We can use some simple tricks to make the boxplot more informative and visually appealing:

In [None]:
# Enhanced Box plots
plt.figure(figsize=(15, 10))

# Create the boxplot with additional styling
boxprops = dict(linestyle='-', linewidth=2, color='navy')
medianprops = dict(linestyle='-', linewidth=2, color='firebrick')
whiskerprops = dict(linestyle='--', linewidth=2, color='black')
capprops = dict(linestyle='-', linewidth=2, color='grey')
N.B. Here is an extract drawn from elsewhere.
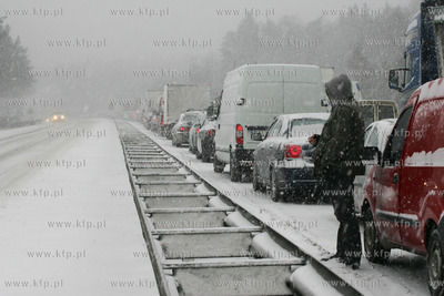 Intesywne opady sniegu byly przyczyna zamkniecia obwodnicy w kierunku Gdanska od strony Chyloni. Nz. samochody stojace w korku na zablokowanej obwodnicy.
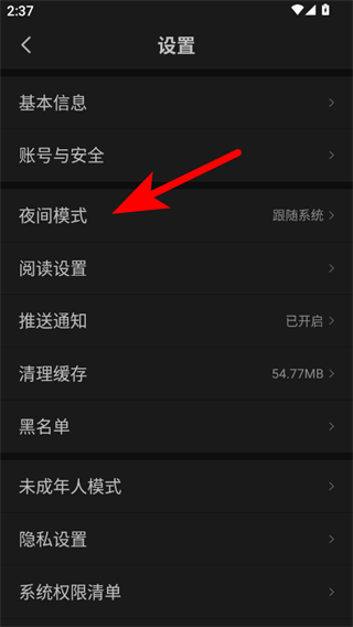 3、在設(shè)置頁面,點擊夜間模式選項,彈出模式選擇框。

boxplot = plt.boxplot(X, labels=feature_names, notch=True, patch_artist=True, 
                      boxprops=boxprops, medianprops=medianprops, 
                      whiskerprops=whiskerprops, capprops=capprops)

# Adding grid, title and labels
plt.grid(True, linestyle='--', linewidth=0.5, alpha=0.7, axis='y')
plt.title('Feature Distribution - Boxplot', fontsize=18, fontweight='bold')
plt.xlabel('Features', fontsize=16)
plt.ylabel('Values', fontsize=16)
plt.xticks(fontsize=14)
plt.yticks(fontsize=14)

# Remove spines
for spine in plt.gca().spines.values():
    spine.set_visible(False)

# Save the plot
plt.savefig('Feature_boxplot.pdf', dpi=300)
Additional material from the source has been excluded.